Он мерил шагами длинную комнату и жестикулировал — едва замечая встревоженную и сонную женщину у камина. Он рвал и метал, слова лились из него горьким потоком:

— Думаешь, сейчас молодые люди могут позволить себе почивать в праздности? Говорю тебе, такого не было и прежде, раньше тоже этого позволить себе никто не мог. Пока лежебока дрыхнет, его разорят, да, Богом клянусь! Стоит прилечь, и тебя сожрут прямо во сне! Но человек живущий способен расти, пока головой не коснется небес! Сейчас время дельцов, в прошлом были времена солдат и времена политиков, но сейчас НАШЕ время! И в выходные нельзя дремать — кругом суматоха! Кругом смятение! И надо выходить и жить этим, дышать этим, сделать это своей СУТЬЮ — или ты всего-навсего мертвец, воображающий, что живешь. Именно так живет и не живет мой сын Биббз, но теперь ему лучше встряхнуться, и выйти, и следовать моей стезе. Ведь если что-то случится с Роскоу…

— Ох, хватит тебе тревожиться из-за домыслов, — прервала его речь миссис Шеридан, рассердившись настолько, что на какое-то мгновение и правда проснулась. — С Роскоу ничего не случится, ты понапрасну мучаешь себя. Да ПОЙДЕШЬ ты, в конце концов, спать?

Шеридан застыл.

— Ладно, мамочка, — скорбно вздохнув, промолвил он. — Пойдем. — И выключил электрический свет, оставив только розоватое сияние пламени в камине.

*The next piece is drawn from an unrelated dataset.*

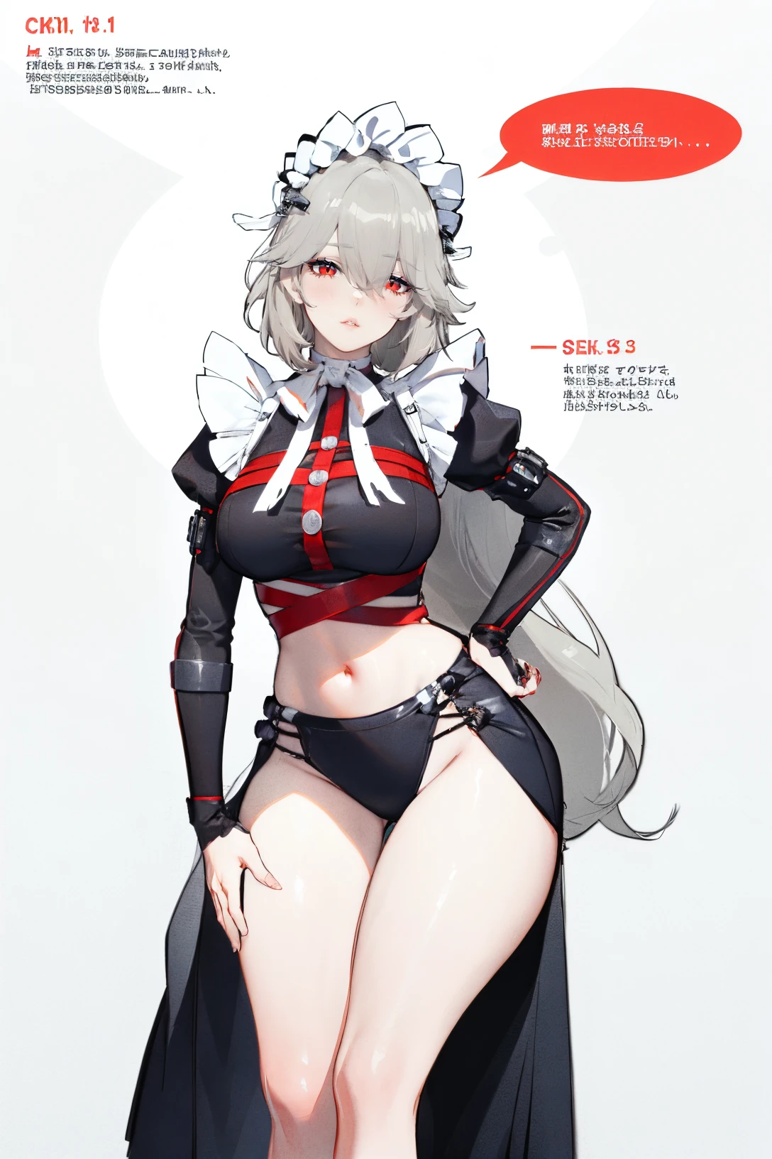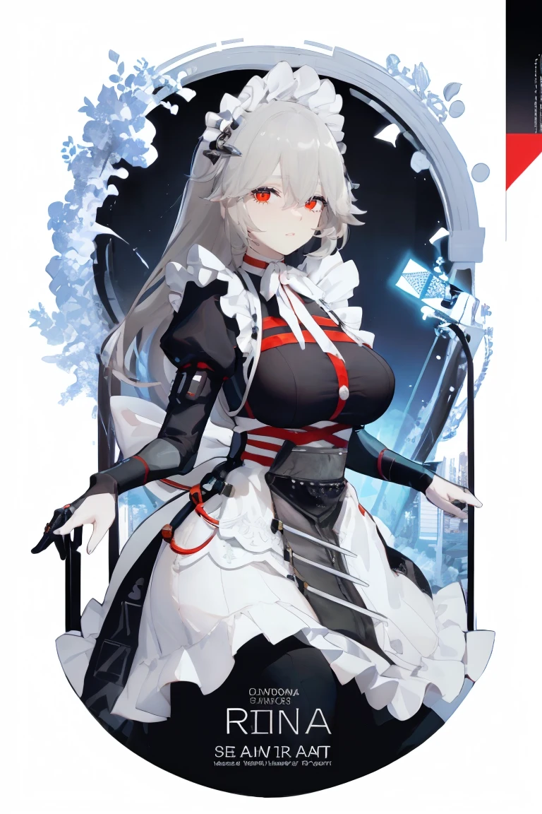 rina, rina's def clothes, long dress, 1girl, red eyes, maid, grey hair, maid headdress, breasts, apron, Created

— Ты разговаривал с Роскоу? — Жена зевнула и, вновь охваченная сонливостью, неловко поднялась. — Сказал ему о том, о чем я говорила тебе на днях?

— Нет. Скажу завтра.

Но Роскоу не появился на работе ни завтра, ни послезавтра, а сам Шеридан счел неприличным без приглашения наведаться в дом сына. Он ждал. Наконец, на четвертый день месяца, в девять утра, когда Шеридан сидел в кабинете один, к нему вошел Роскоу.

— Мне там внизу сообщили, что вы желали меня видеть.

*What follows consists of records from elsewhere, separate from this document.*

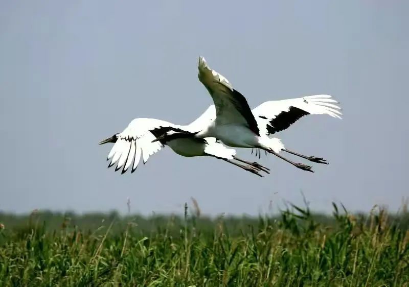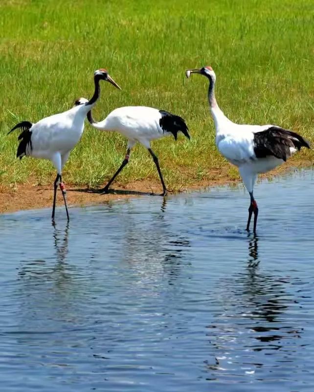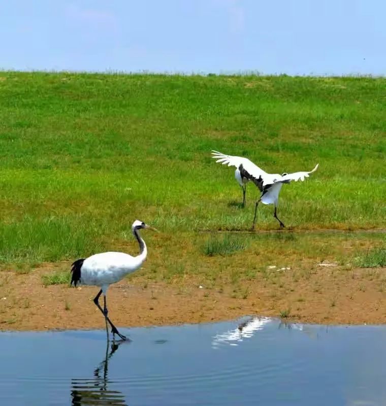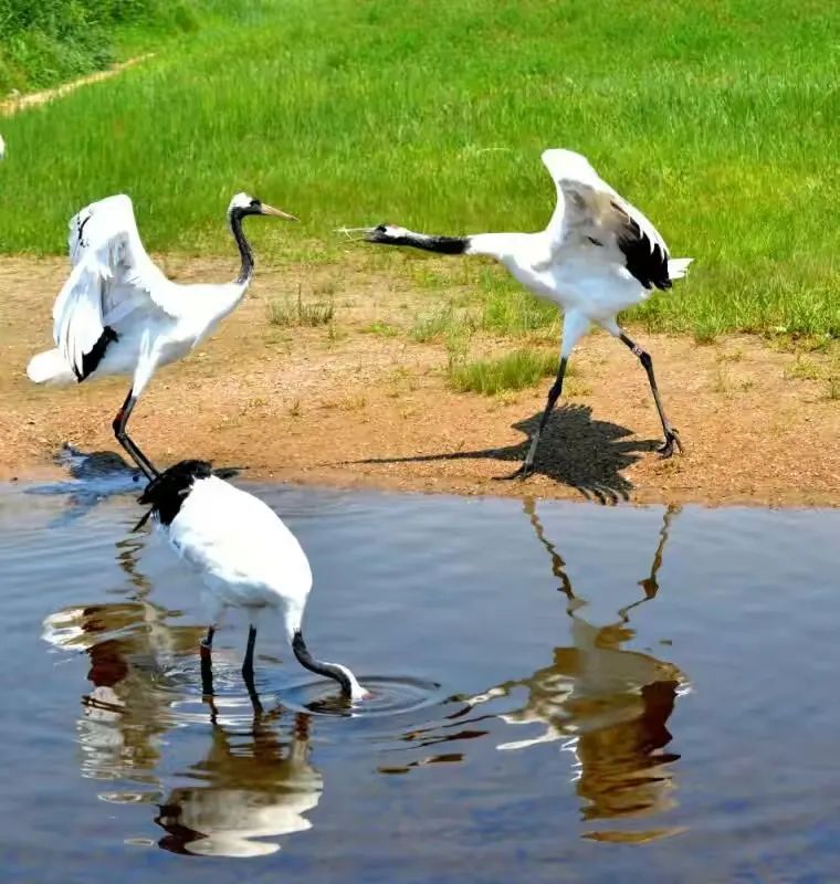 我屏息,怕惊扰了这旷世的彩排:修长的腿探入浅滩,脖颈划出优雅的弧,忽然振翅——白羽掀起雪浪,黑翼描出墨线,红冠则是一枚朱砂印,盖在天地这幅大写意上。最动心魄是鹤舞,双鹤对鸣,素翅陡然舒展,化作丈余白练当空舞动。足尖轻点浅滩绿地,它们时而并立,时而盘旋,腿绷如弓弦,每一次腾跃都似将大地的精气吸入羽翼。当两鹤颈项交缠,朱冠相映,恍若白衣仙人执笔,以缠绵姿态在晨光里,把忠贞与长寿,都编进自己的节拍。此情此景,方知古人以鹤喻君子,实非虚言。
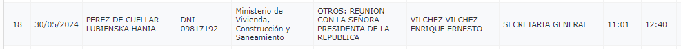 Alrededor de las 11 de la mañana, de acuerdo a la página de Transparencia, la presidenta Dina Boluarte, recibió la visita de Hania Pérez De Cuéllar, ministra de Vivienda, Construcción y Saneamiento.
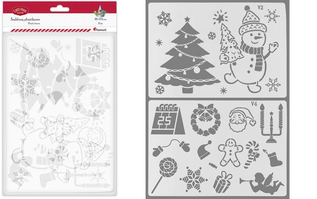 Titanum » Boże Narodzenie » Szablony i nożyczki świąteczne » Szablony plastikowe 260x178mm 2szt. bałwanek z choinką, choinka / wieniec, kartka z kalendarza 25, głowa Mikołaja, ciastek, lizak, prezent, archanioł,
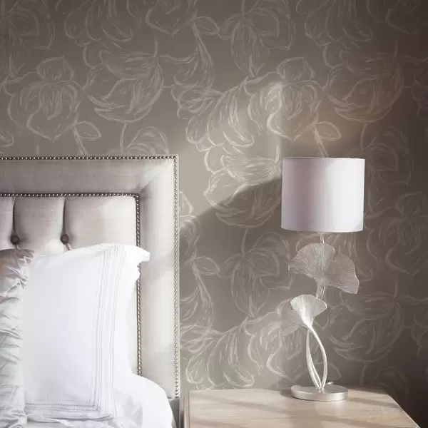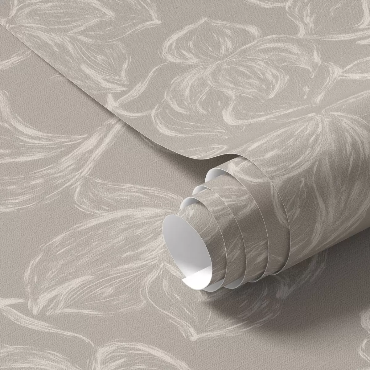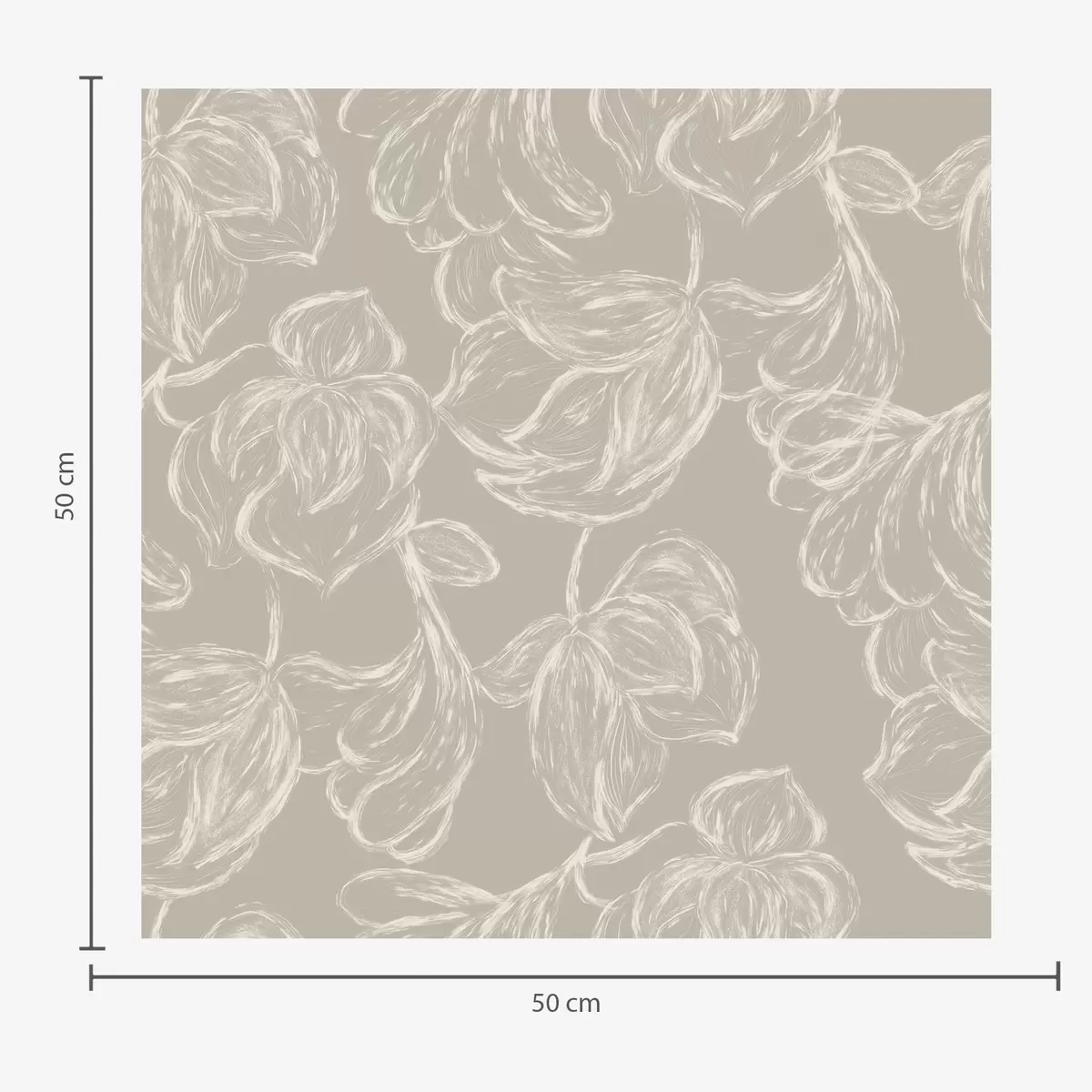 Tapet Flori conturate cu crem pe un fundal cald de culoare gri-bej Nr. a00625v2

— Присаживайся, — сказал Шеридан, поднимаясь на ноги.

Роскоу сел. Отец приблизился к нему, подозрительно принюхался и отошел с печальной улыбкой на лице.

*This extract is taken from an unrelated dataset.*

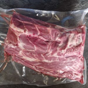 Dieses Produkt ist handverarbeitet in unserer Hausschlachterei und wird nach der Produktion vakuumverpackt und tiefgefroren.
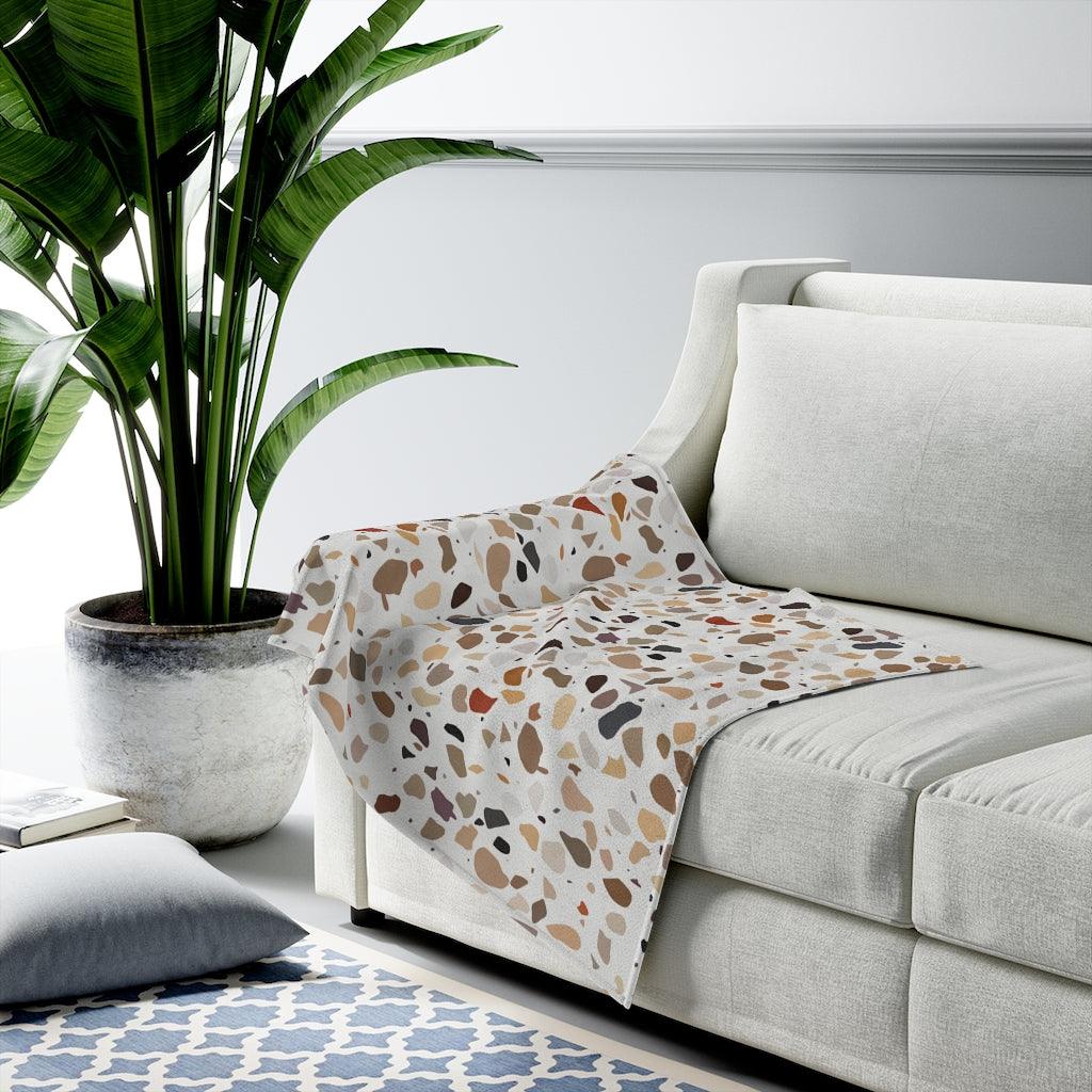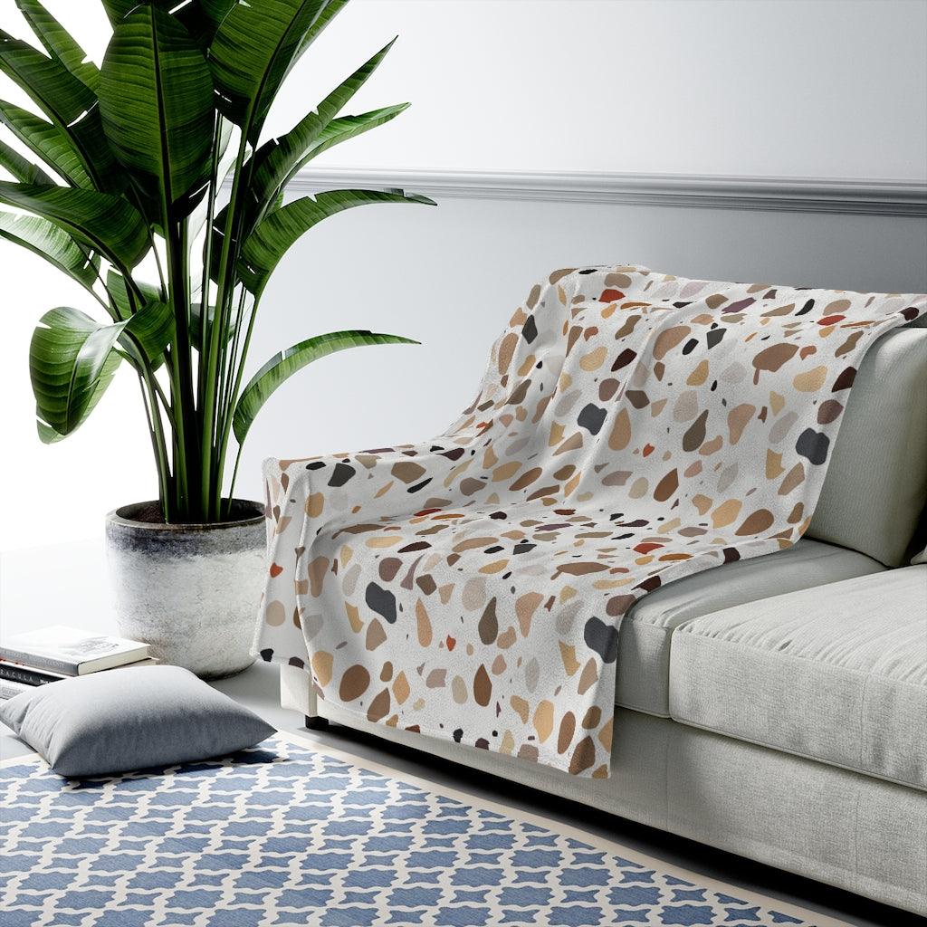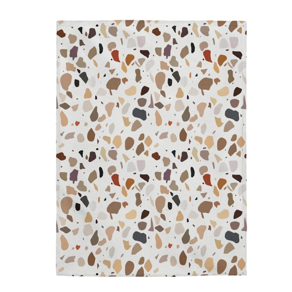 Terrazzo Print Brown Modern Minimalist Velveteen Lightweight Blanket

— Вот ведь! — воскликнул он. — Всё не просыхаешь!

— Да, — подтвердил Роскоу. — Утром пропустил пару стаканчиков. И что с того?

— Сдается мне, зря я не усыновил какого-нибудь приличного парня, — ответил отец. — Или не привел Биббза прямиком на твое место, раз уж он поправился. Точно, так и поступлю!

— Вам и карты в руки, — мрачно поддакнул Роскоу.

— Когда всё это началось?

— Я всегда понемногу прикладывался к бутылке. С самых ранних лет.

— Не надо со мной так говорить! Ты знаешь, о чем я.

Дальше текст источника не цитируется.